Forem: Thej Deep

Strangler Fig on IBM Kubernetes: Modernizing a Monolith Without Breaking Production

Thej Deep — Wed, 04 Feb 2026 00:18:47 +0000

Why the Strangler Fig Pattern Still Works

Most enterprise monoliths don’t fail because of bad code.

They fail because changing them safely becomes too risky.

A full rewrite to microservices sounds attractive, but in practice it often leads to:

Long delivery cycles
High data risk
Business disruption

The Strangler Fig pattern offers a safer alternative:

modernize incrementally while keeping the system running.

In this article, I walk through a step-by-step, production-safe approach to applying the Strangler Fig pattern using IBM Cloud Kubernetes Service (IKS), including real commands and manifests you can run.

What You Will Build

By the end of this guide, you will:

Containerize an existing monolithic application
Deploy it to IBM Cloud Kubernetes Service
Place it behind Ingress
Deploy a new “edge” service
Route traffic gradually using path-based routing
Keep rollback simple and safe

Prerequisites

IBM Cloud account
An existing IKS cluster
Tools installed locally:
- ibmcloud
- kubectl
- docker

Step 1: Log in to IBM Cloud and Connect to Kubernetes

ibmcloud login -a https://cloud.ibm.com
ibmcloud target -r <REGION> -g <RESOURCE_GROUP>

Step 2: Create a Dedicated Namespace

Keep modernization isolated and easy to clean up later.

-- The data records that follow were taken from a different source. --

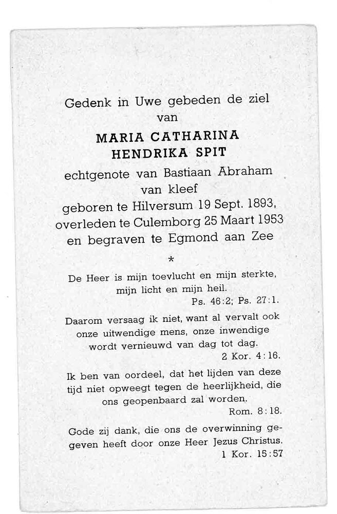 bidprent voor Maria Catharina Hendrika Spit. Geboren...
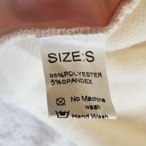 Casual off white and pink tunic with pockets. Color, end of sleeve and pockets are a pink velvet type material. Back is a bit longer than the front. Only worn one time so very good condition. Length is about 27 1/2" front and about 30" in back from should down. Armpit to armpit length is about 19 1/2 - 20"
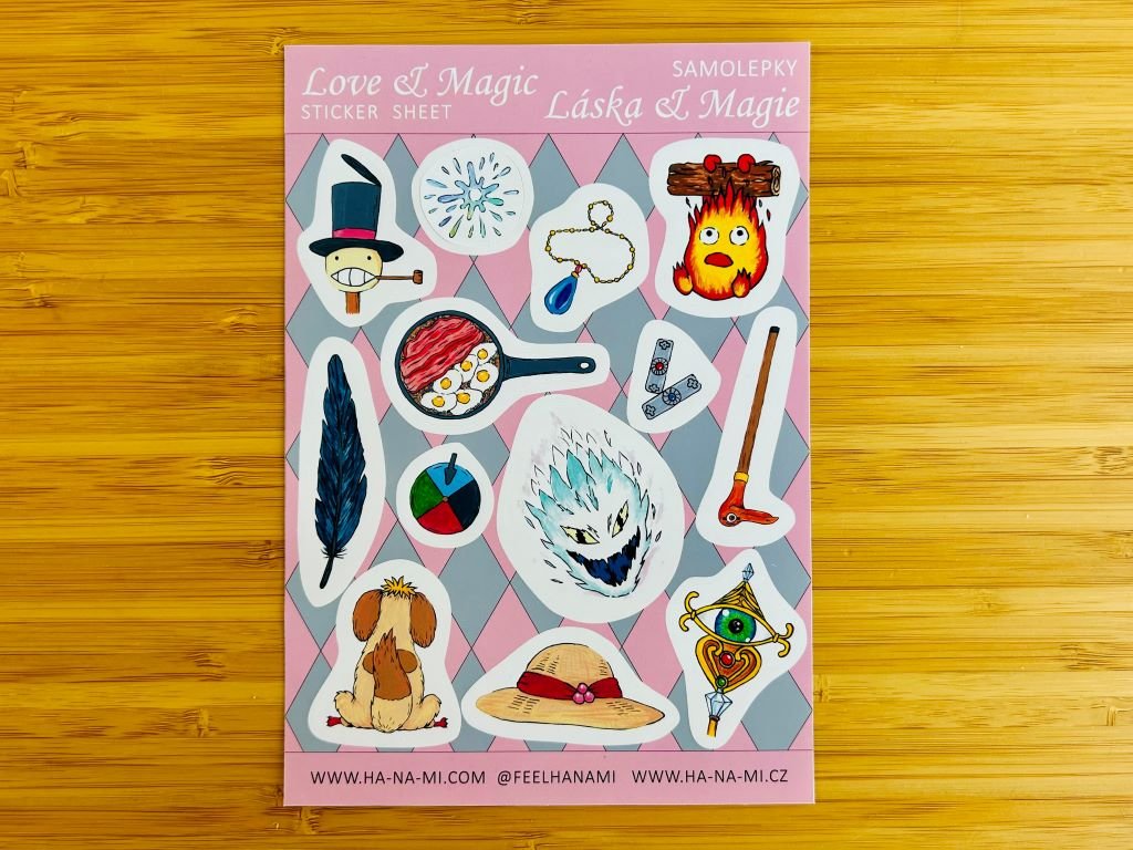 Samolepky s Kalciferem z animovaného japonského filmu Zámek v oblacích
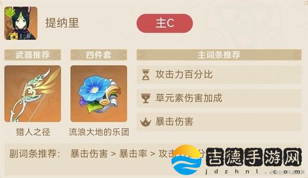 如果第四个角色不是草系戴草套的,提纳里可以自己戴,否则推荐戴乐团套。提纳里跟八重互相打激化。
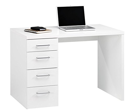 COMPOSAD | Scrivania della Linea MONETA con 4 Cassetti, Scrivania PC con Cassetti, Dimensioni (LxAxP) 110x74x60 cm, Colore bianco, Per Studio, Ufficio, Made in
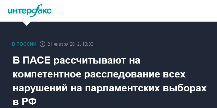 В ПАСЕ рассчитывают на компетентное расследование всех нарушений на парламентских выборах в РФ
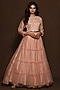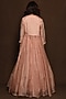 Featuring a pink layered skirt in moonga silk, organza, and net base with frill. It is paired with a matching crop top having hand embroidery.
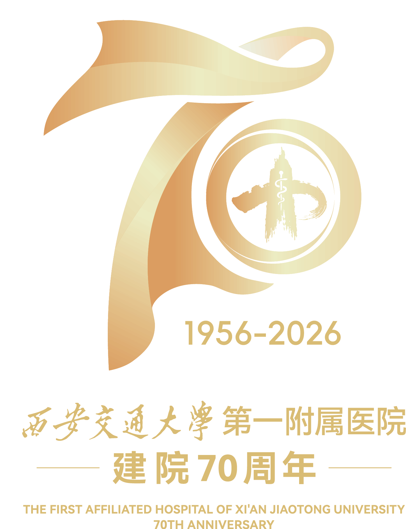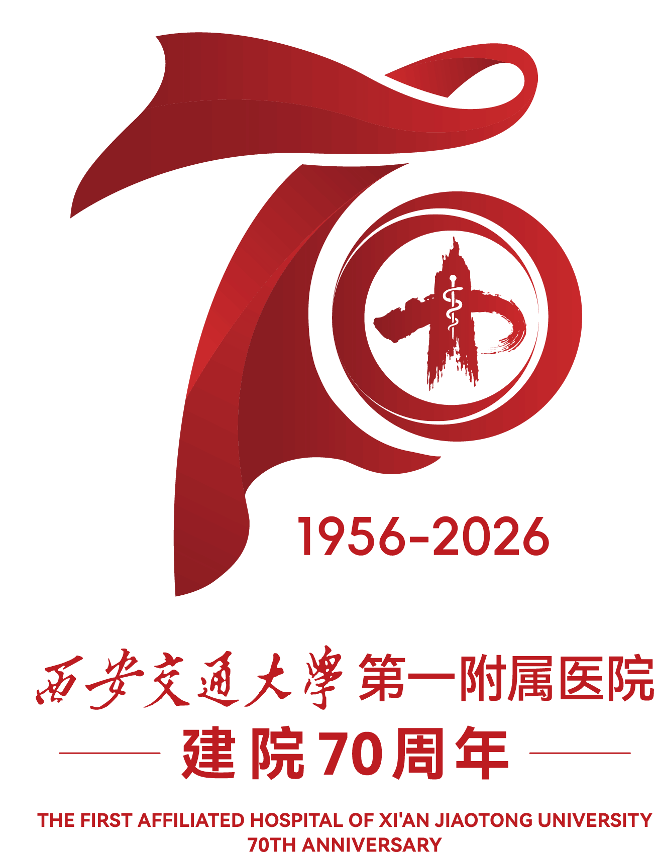 标志下方清晰标注“1956-2026”时间跨度,字字镌刻七十载峥嵘岁月,完整呼应医院波澜壮阔的发展历程。

kubectl create namespace monolith-demo
kubectl config set-context --current --namespace=monolith-demo
kubectl get ns

Step 3: Containerize the Existing Monolith

The goal here is no behavior change, just package the monolith.

Example Dockerfile (Node.js monolith)

FROM node:20-alpine AS build
WORKDIR /app
COPY package*.json ./
RUN npm ci
COPY . .

FROM node:20-alpine
WORKDIR /app
COPY --from=build /app /app
EXPOSE 8080
CMD ["npm","start"]

Add minimal health endpoints (if you don’t already have them)

// Example endpoints
app.get("/health", (req, res) => res.status(200).send("ok"));
app.get("/ready", (req, res) => res.status(200).send("ready"));

Build the image:

docker build -t monolith:1.0.0 .

Step 4: Push the Image to IBM Cloud Container Registry

ibmcloud cr login
ibmcloud cr namespace-add <REGISTRY_NAMESPACE>

Tag and push your image:

docker tag monolith:1.0.0 <REGISTRY>/<REGISTRY_NAMESPACE>/monolith:1.0.0
docker push <REGISTRY>/<REGISTRY_NAMESPACE>/monolith:1.0.0

Verify it exists:

ibmcloud cr images | grep monolith

Step 5: Deploy the Monolith to Kubernetes

5.1 Deployment manifest (deployment.yaml)

apiVersion: apps/v1
kind: Deployment
metadata:
  name: monolith
spec:
  replicas: 2
  selector:
    matchLabels:
      app: monolith
  template:
    metadata:
      labels:
        app: monolith
    spec:
      containers:
        - name: monolith
          image: <REGISTRY>/<REGISTRY_NAMESPACE>/monolith:1.0.0
          ports:
            - containerPort: 8080
          readinessProbe:
            httpGet:
              path: /ready
              port: 8080
            initialDelaySeconds: 5
            periodSeconds: 5
          livenessProbe:
            httpGet:
              path: /health
              port: 8080
            initialDelaySeconds: 15
            periodSeconds: 10

Apply and confirm rollout:

kubectl apply -f deployment.yaml
kubectl rollout status deploy/monolith
kubectl get pods -l app=monolith

5.2 Service manifest (service.yaml)

apiVersion: v1
kind: Service
metadata:
  name: monolith-svc
spec:
  selector:
    app: monolith
  ports:
    - name: http
      port: 80
      targetPort: 8080
  type: ClusterIP

Apply:

kubectl apply -f service.yaml
kubectl get svc monolith-svc

Quick local test:

kubectl port-forward svc/monolith-svc 8080:80
curl -i http://localhost:8080/health

Step 6: Put the Monolith Behind Ingress

Ingress becomes your routing control plane for strangling.

Create ingress.yaml:

apiVersion: networking.k8s.io/v1
kind: Ingress
metadata:
  name: app-ingress
spec:
  rules:
    - host: <APP_DOMAIN>
      http:
        paths:
          - path: /
            pathType: Prefix
            backend:
              service:
                name: monolith-svc
                port:
                  number: 80

Apply:

kubectl apply -f ingress.yaml
kubectl get ingress app-ingress -o wide

At this point: 100% traffic still goes to the monolith.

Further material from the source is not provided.